The music festival #2

Continued from Tuesday

The crowd appears to have grown larger. I suspect that people are reproducing at the back. That is what they do at festivals, after all. Big A is there with his family, and Eddie & Eddie – big fans of Eric’s from the previous year, and Medium-sized John, Len the Fish and the LTLP, along with loads of faces that I recognise from the Village Pub, Fish Shop etc. We weave to a sparser area, where I am introduced to a Man with a Moustache, who plays the keyboards, and a set list.

“Eric can’t make it,” informs Glen. “So we’re going to have to make do.”

“Fg?!?” I reply, with characteristic understatement.

“Probably best to just follow me on the bass.”

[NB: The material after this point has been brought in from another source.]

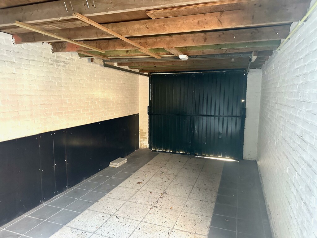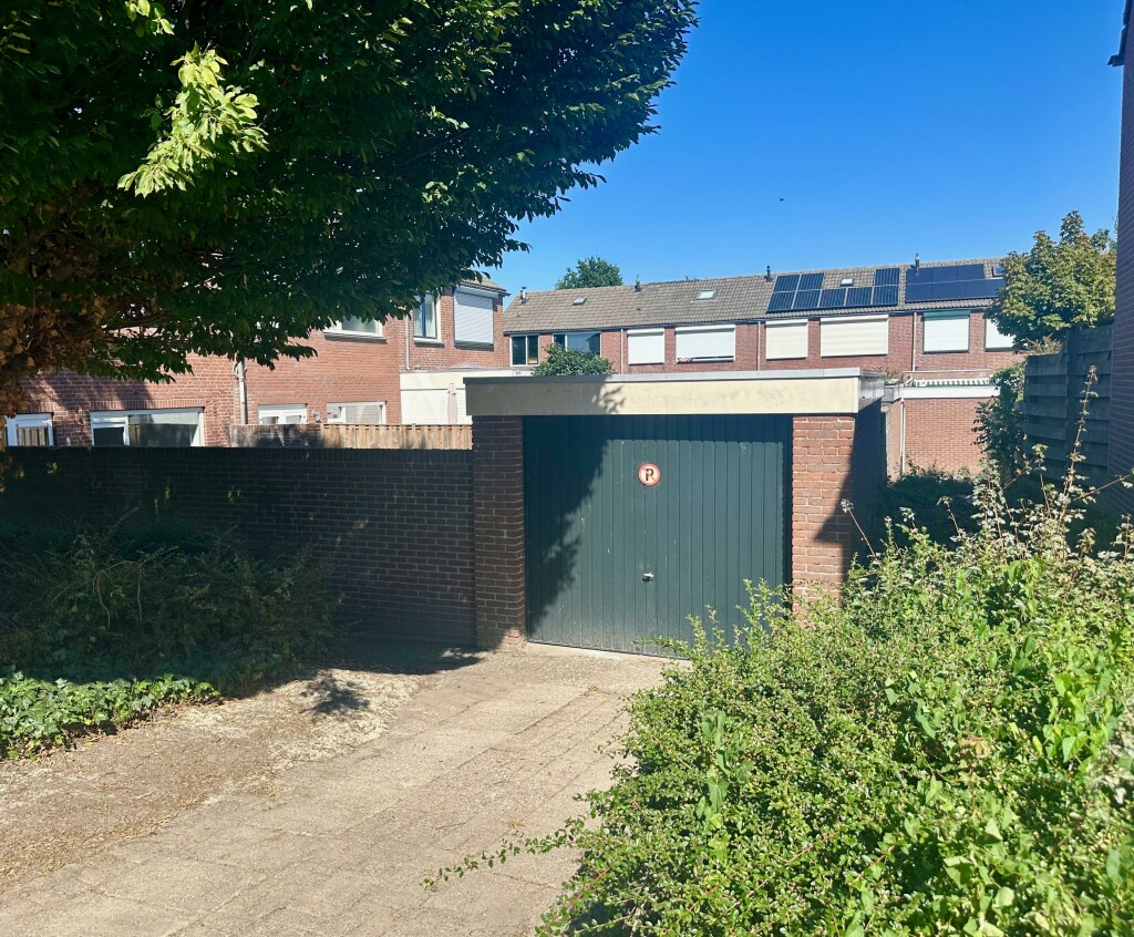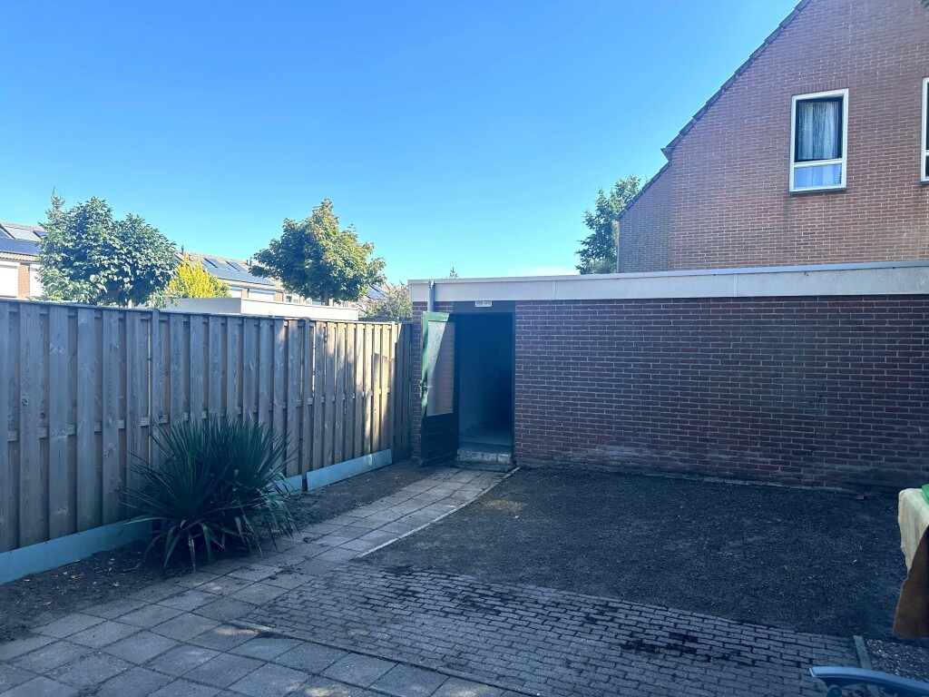 De woning beschikt over een kleine voortuin en een achtertuin die bereikbaar is via een poort aan de zijkant. De garage staat achterin de tuin.

Ten seconds later I have him in a head lock and am smashing his face against some paving slabs screaming “other guitarists!!! There must be other guitarists here!!!”

There are no other guitarists. Nor, it transpires, is there a bloke from the Archers, player of banjos or no.

From the stage, onto which I have sleepwalked, I look out upon faces. There are faces everywhere. Faces. Faces. Some people seem to have at least eight or nine of them, all looking at me personally. There is an awful hush.

“What shall we start with, then?” says a voice.

The thing that people do not realise about guitar playing is that there is guitar playing and guitar playing, and the sort of guitar playing that I do is not the sort of guitar playing that is called for by the set list, which is full of guitar players’ songs. I would be quite happy to do some Leonard Cohen or Jake Thackray, or ‘I Will Walk 500 Miles’ or the complete works of Fairport Convention or whatever, but screaming rock soloing is just Not My Thing.

I suggest that I play some Leonard Cohen. There is dissent within the band.

“This one,” suggests the Chipper Barman, pointing out a screaming rock soloing thing. “It’s in G.”

I point out that if he’d handed me a clarinet and asked me to perform the Mozart Clarinet Concerto in A major then the helpful key-hint that Mozart dropped into the title of his piece would still not give me much of a head start in its performance.

Sometimes people talk about a dream in which they find themselves naked on a theatre stage in front of an audience of 2000 people. The current moment is very much like this, aside from the fact that there are 6000 people in this dream’s auditorium, and I am not entirely naked as I am sporting a bra and women’s shoes.

Behind me, giant video screens have been erected to project secretly-obtained footage of me frowning in concentration as I very carefully and methodically masturbate a hen.

My mother sits stony-faced in the front row.